By Emily Cook, TLS staff writer

How do you keep students awake in an evening course? Sometimes all it takes is a simple combination of a football, camera phone and laser pointer.

Christopher Dieni is a contract instructor with Carleton’s Institute of Biochemistry and a research assistant in the Storey Lab. This year, he was honoured with a 2016 Capital Educators’ Award for excellence in teaching, thanks in part to his ability to make his classes engaging and his efforts in mentoring his students.

A number of Dieni’s courses were in the evening, so he says he got creative engaging students to keep them awake. One method involved using slinkies and having students pretend to be atoms. Another used a football to show the technique of fluorescent polarization.

“I realized, I literally need to get their blood pumping, I need to make sure they’re physically awake,” he says.

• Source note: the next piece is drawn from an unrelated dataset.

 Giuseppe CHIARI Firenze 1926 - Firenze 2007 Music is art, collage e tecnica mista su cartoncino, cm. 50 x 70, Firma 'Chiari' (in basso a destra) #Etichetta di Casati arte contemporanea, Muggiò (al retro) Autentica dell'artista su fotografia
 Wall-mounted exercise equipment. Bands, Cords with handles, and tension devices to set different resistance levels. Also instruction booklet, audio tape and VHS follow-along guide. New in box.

When he taught third and fourth year courses, Dieni says he chose to use textbooks sparingly, focusing rather on primary literature and review articles to demonstrate applications of course material.

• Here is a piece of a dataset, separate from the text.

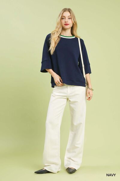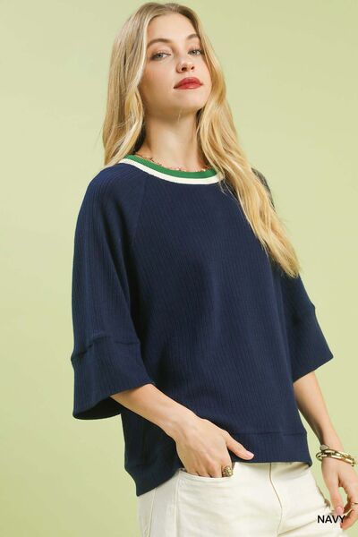 Umgee Ribbed Knit Top with Contrast Trim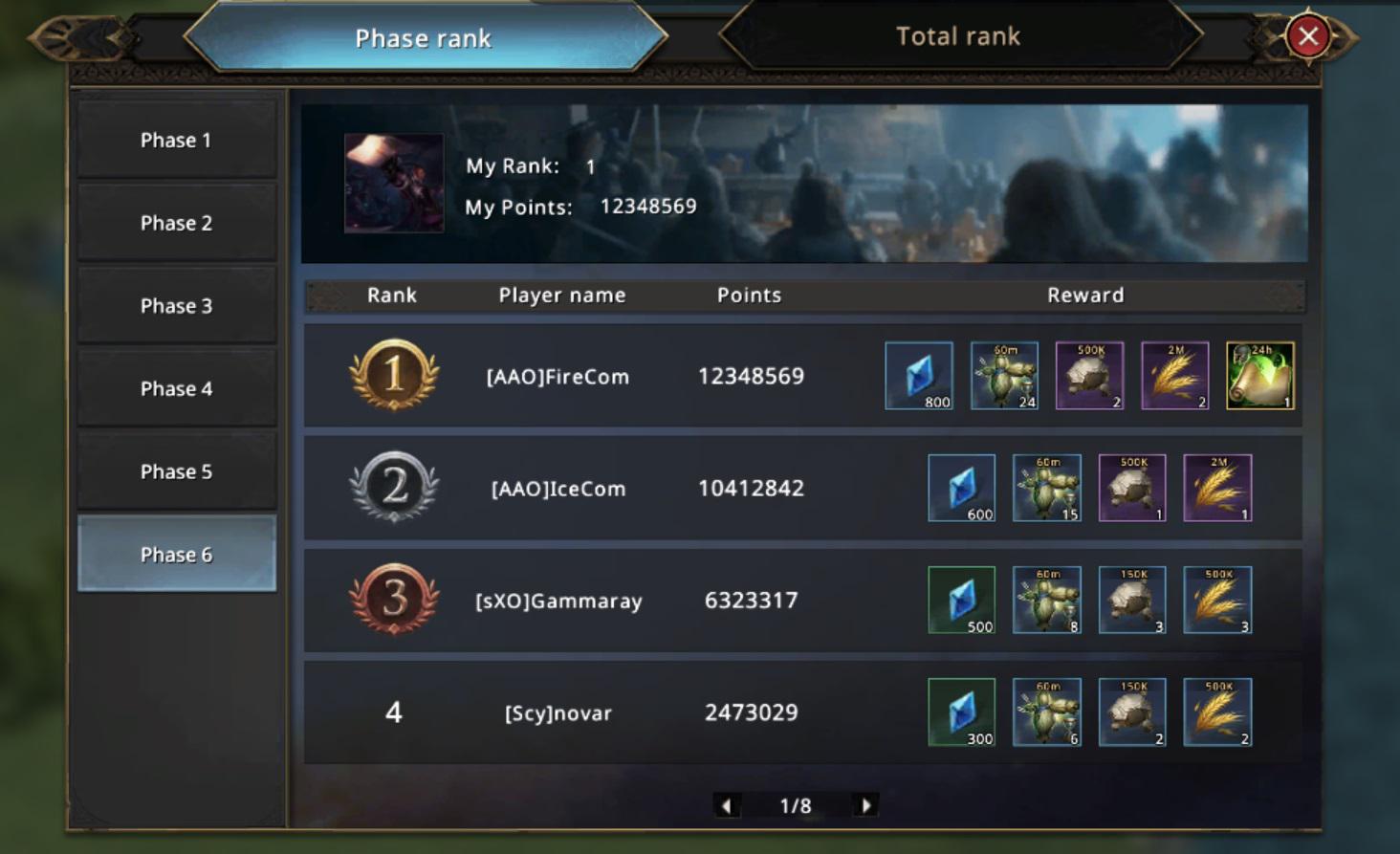 In Part 1, I went through Phases 1 through 5, where I spent most of the event outside the top 10. But after dumping a ton of resources and speed-ups in Phase 5, I finally got both accounts in the top 10 total rankings. Still not in the top 3, but getting close.

“I think at one point you really need to go past that theoretical, abstract textbook context, and show the students what’s in the lab,” he says.

Dieni says mentoring students has always developed organically for him, and probably comes from him encouraging in-person interaction with students.

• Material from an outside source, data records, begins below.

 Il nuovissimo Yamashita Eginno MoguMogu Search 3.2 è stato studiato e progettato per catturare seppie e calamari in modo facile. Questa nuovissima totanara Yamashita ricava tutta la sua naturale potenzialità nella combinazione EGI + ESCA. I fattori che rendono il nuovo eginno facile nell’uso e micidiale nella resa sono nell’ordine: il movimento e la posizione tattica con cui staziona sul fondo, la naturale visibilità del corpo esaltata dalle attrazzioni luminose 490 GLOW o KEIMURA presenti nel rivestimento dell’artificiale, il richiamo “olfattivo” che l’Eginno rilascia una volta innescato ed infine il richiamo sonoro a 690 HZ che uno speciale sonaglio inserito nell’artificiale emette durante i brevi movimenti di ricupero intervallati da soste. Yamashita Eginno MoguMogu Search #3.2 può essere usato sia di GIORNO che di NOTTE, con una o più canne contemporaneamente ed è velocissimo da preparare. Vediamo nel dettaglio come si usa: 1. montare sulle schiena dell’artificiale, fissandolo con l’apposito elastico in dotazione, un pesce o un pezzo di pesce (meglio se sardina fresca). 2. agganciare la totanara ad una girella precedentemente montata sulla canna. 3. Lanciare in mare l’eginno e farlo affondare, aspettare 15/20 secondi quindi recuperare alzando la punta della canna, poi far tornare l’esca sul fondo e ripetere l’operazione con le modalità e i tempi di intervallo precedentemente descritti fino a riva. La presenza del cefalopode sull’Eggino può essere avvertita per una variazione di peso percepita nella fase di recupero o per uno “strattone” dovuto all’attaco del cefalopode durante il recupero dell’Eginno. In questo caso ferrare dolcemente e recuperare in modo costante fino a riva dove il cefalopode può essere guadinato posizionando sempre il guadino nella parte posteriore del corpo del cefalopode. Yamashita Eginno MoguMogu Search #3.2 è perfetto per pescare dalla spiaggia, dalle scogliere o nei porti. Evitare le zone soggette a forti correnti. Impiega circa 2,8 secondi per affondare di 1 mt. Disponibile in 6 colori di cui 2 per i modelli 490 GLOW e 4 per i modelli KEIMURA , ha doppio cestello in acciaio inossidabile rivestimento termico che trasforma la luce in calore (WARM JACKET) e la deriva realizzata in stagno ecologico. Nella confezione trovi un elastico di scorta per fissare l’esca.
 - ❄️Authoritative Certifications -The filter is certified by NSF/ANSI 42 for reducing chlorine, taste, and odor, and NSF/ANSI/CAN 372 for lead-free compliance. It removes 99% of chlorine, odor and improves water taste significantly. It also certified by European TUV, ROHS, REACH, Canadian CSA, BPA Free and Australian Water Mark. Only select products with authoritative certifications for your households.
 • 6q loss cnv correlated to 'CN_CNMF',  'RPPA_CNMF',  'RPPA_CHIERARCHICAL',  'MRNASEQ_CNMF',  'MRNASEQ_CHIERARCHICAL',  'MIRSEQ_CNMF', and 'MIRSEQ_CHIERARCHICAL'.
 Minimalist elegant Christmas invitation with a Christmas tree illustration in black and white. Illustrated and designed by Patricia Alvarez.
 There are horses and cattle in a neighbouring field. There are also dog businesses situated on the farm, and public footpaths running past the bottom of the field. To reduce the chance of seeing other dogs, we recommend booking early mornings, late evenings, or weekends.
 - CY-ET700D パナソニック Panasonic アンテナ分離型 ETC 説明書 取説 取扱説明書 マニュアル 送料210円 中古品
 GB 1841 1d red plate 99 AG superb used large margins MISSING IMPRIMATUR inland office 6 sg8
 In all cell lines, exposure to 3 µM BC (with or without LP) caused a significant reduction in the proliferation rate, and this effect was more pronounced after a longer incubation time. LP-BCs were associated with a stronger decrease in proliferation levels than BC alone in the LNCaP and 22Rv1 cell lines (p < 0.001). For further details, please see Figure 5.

“I don’t know that it’s really any kind of development or conscious effort on my part. It’s just really being there for them, being receptive to little shy questions which end up growing over time,” he says.

When teaching, Dieni says he always hopes to bring students from the classroom into real-world applications.

“I think that a lot of students can attempt to teach themselves. Where a teacher is important is being a guide to them.”